Вспомните, например, ансамбль «Дос-Мукасан». Это не исключение, таких ансамблей можно было набрать тысячи по всему Казахстану, если бы была проявлена забота, оказана поддержка, если бы власть относилась с должным вниманием к казахской молодежи.

– Знаете, даже и в этих проявлениях творчества присутствовала пропаганда и идеология, что является постоянным атрибутом любой власти. Но не кажется ли вам, что при нынешнем режиме правители очертили круги для страт, определенных слоев населения? Типа, ты родился в ауле, значит, оставайся там; то же самое происходит с литературой и искусством, – обласканными остаются те, кто восхваляет и превозносит эту власть, которая взамен дает им материальные блага, позволяющие чувствовать себя чем-то значимым.
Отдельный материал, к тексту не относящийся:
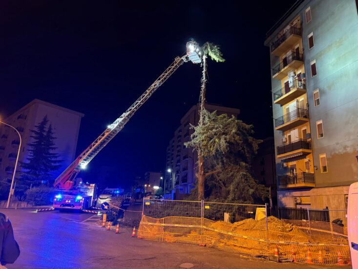 L’operazione è stata eseguita dai Vigili del fuoco, che con l’ausilio di una scala mobile hanno provveduto al taglio in sicurezza della pianta. Sul posto erano presenti i tecnici del Comune, guidati dall’architetto Valerio Bellini, responsabile dell’Ufficio tecnico di Caltanissetta, e il presidente della Commissione Urbanistica, l’architetto Fabrizio Di Dio, che ha seguito da vicino le operazioni.

– Алмат, согласен с вашим замечанием, что ограничена свобода выбора. Если бы молодой человек имел свободу выбора, не стоял перед дилеммой: остаться голодным или преступить свои нравственные каноны – то все было бы иначе. Здесь устанавливаются отношения заказчика-работодателя и исполнителя. Те люди, которые сейчас выступают в роли придворных певцов, панегиристов, имея свободу, смогут говорить, что они хотят, петь песни, которые им по душе. И от былого холопства не останется и следа.

– Я думаю, говоря об этом, вы оптимистично смотрите в ближайшее будущее. Вы говорите, что если их «освободить», они обретут свои первоначальные формы. Но здесь можно привести пример с собакой на привязи: она еще с щенячьего возраста знает только привязь и ошейник, а как только ее освобождают от них, она не знает, куда идти. Не получится ли так с придворной творческой элитой, которая, если ее «освободить», не будет знать, что ей делать, так как у нее не останется потенциала для нового созидания?

– (Горько усмехается). Я понимаю, если отпустить от кормушки всех, кто к ней привязан вольно или невольно, то, конечно, значительная часть, не привыкшая уже к свободе творчества, к самостоятельности, не привыкшая быть личностями, пропадет и уйдет в забвение. Но есть и другая часть, далеко не глупых, которые вынужденно должны, будучи волками, носить овечью или собачью шкуру.

Сравнение с собакой, у вас, конечно, очень своевременное, удачное. Но заметьте, что те собаки, которые оторваны от кормушки, или пропадают поодиночке, или сбиваются в стаи и начинают промышлять, и это отрицательный момент. Но люди тем и отличаются от собак, что собачьи черты они усваивают временно, а когда они почувствуют себя людьми, ничего собачьего у них не остается, кроме преданности семье, традициям, – это хорошее качество.

– Берик Магисович, мы сейчас предварительно очертили некоторые направления, которые послужат основой для нашей следующей беседы, и думаю, что в дальнейшем мы поговорим более подробно об обозначенных проблемах и о тех, что возникнут в ходе нашего следующего диалога. Спасибо!